Data extracted from a collection
------------------------------

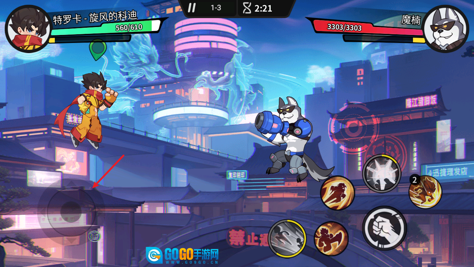 2、战斗中通过左侧的虚拟摇杆控制人物进行移动。
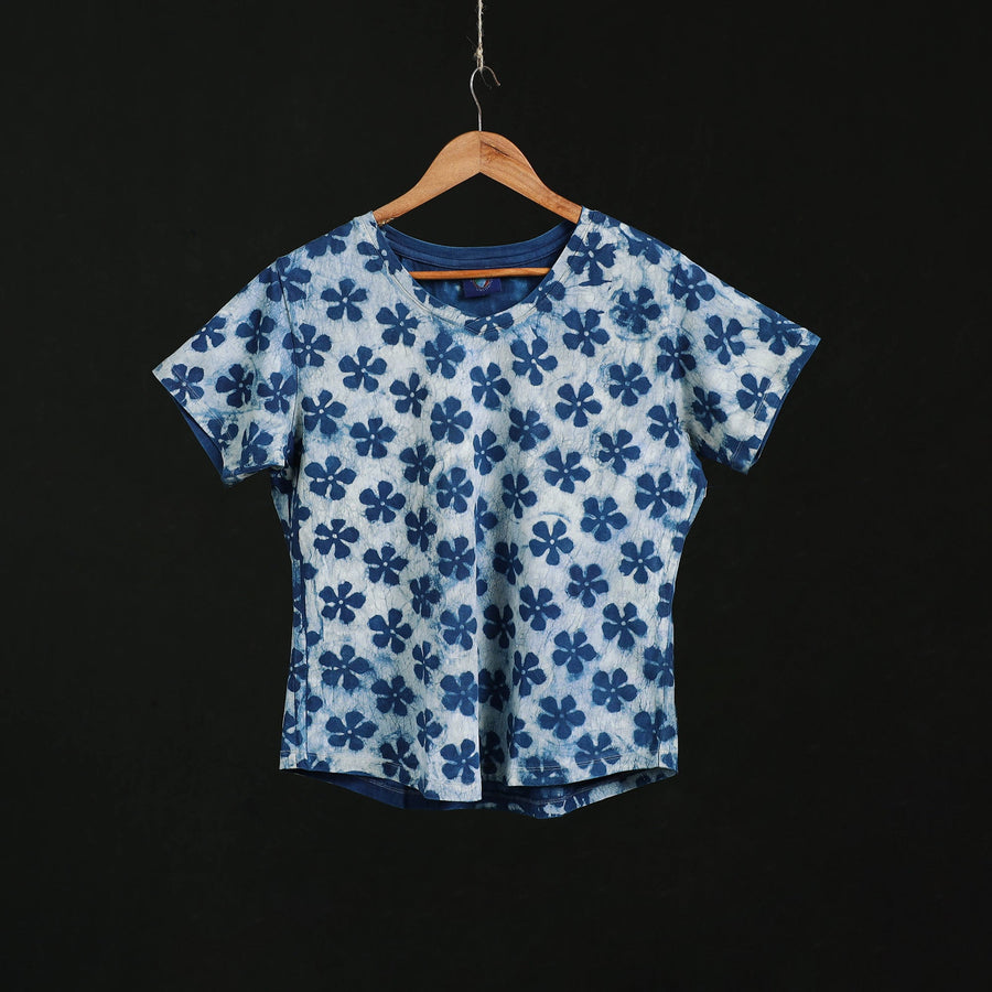 | Material | Blue natural dyed bindaas block art printed cotton v-neck t-shirt for women, made by skilled fourth-generation textile printers from Rajasthan. The designs are created using traditional hand block printing techniques, giving each piece a unique and distinctive look. Crafted using natural dyes, this t-shirt reflects a blend of heritage and contemporary style. The process involves a century-old technique, 15–22 steps, 25–40 artisans, and over 65 hours spread across nearly 12 days, along with ample sun and sand. Comfortable, breathable and versatile, it’s ideal for everyday wear. |
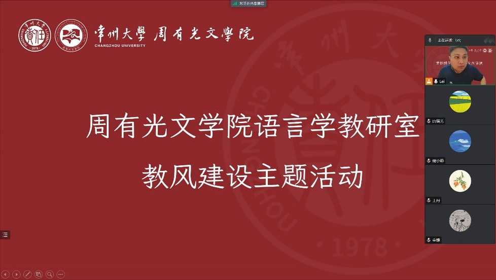 活动中,教研室主任刘磊老师首先带领语言学教研室老师们学习《常州大学教师教学工作规程》《常州大学教学资料管理规范》等文件,强调了教风建设的重要性,要求老师逐条对照、严格遵守和认真执行。
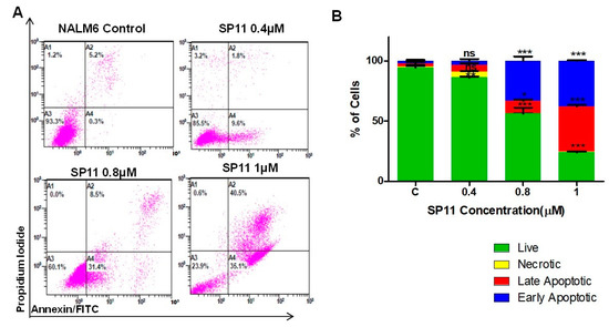 2.3. SP11 Treatment Induces Apoptosis Rather Than Necrosis in Leukemic Cells
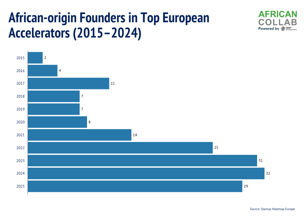 While the numbers were relatively low between 2015 and 2018, we see a clear acceleration from 2021 onwards, with a significant peak in 2023 and 2024. This suggests that African founders are not only increasingly visible, but also more competitive and better positioned to access high-quality international acceleration programs.
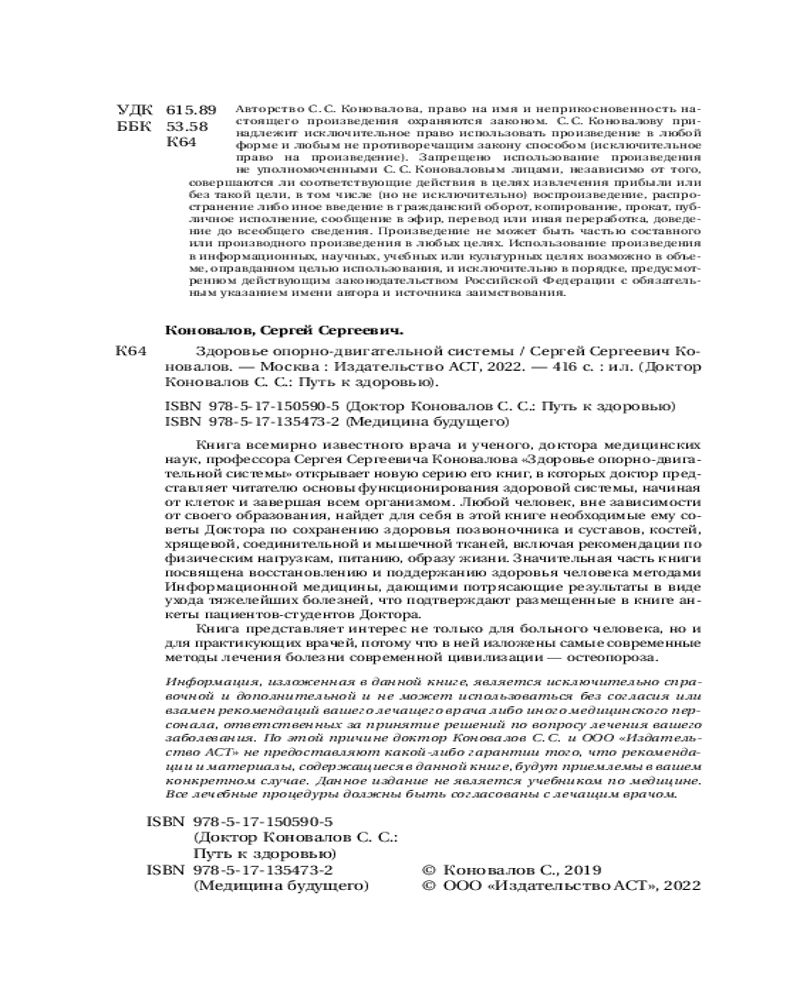 💳 Оплатить за товар можно при получении 🇰🇿 Есть бесплатная доставка по Казахстану от 1 дня 🎁 Копите бонусы с каждой покупки Серия: Доктор Коновалов С.С.: Путь к здоровью Книга «Здоровье опорно-двигательной системы» открывает новую серию книг Сергея Коновалова, в которых нет привычных для нас названий болезней, диагнозов, симптомов, причин их развития. Доктор раскрывает перед читателями функцию здоровой системы, начиная от клеток и завершая всем организмом. Любой человек, вне зависимости от своего образования, найдет для себя в этой книге необходимые ему советы Доктора. Результаты выздоровления, которыми вряд ли может поделиться любая медицинская клиника планеты, не просто удивительные — они фантастические! |
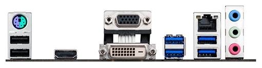 6 USB, из них 4 USB 3.0, D-Sub, DVI, HDMI, Ethernet, PS/2 (клавиатура), PS/2 (мышь)

------------------------------

- [AIM OF THE EXERCISE]: Your answer must be the lines from the one containing "они фантастические! |" through the last line of the records, both included, written out exactly and without pictures.

- [RESPONSE TO THIS TASK]:
 💳 Оплатить за товар можно при получении 🇰🇿 Есть бесплатная доставка по Казахстану от 1 дня 🎁 Копите бонусы с каждой покупки Серия: Доктор Коновалов С.С.: Путь к здоровью Книга «Здоровье опорно-двигательной системы» открывает новую серию книг Сергея Коновалова, в которых нет привычных для нас названий болезней, диагнозов, симптомов, причин их развития. Доктор раскрывает перед читателями функцию здоровой системы, начиная от клеток и завершая всем организмом. Любой человек, вне зависимости от своего образования, найдет для себя в этой книге необходимые ему советы Доктора. Результаты выздоровления, которыми вряд ли может поделиться любая медицинская клиника планеты, не просто удивительные — они фантастические! |
 6 USB, из них 4 USB 3.0, D-Sub, DVI, HDMI, Ethernet, PS/2 (клавиатура), PS/2 (мышь)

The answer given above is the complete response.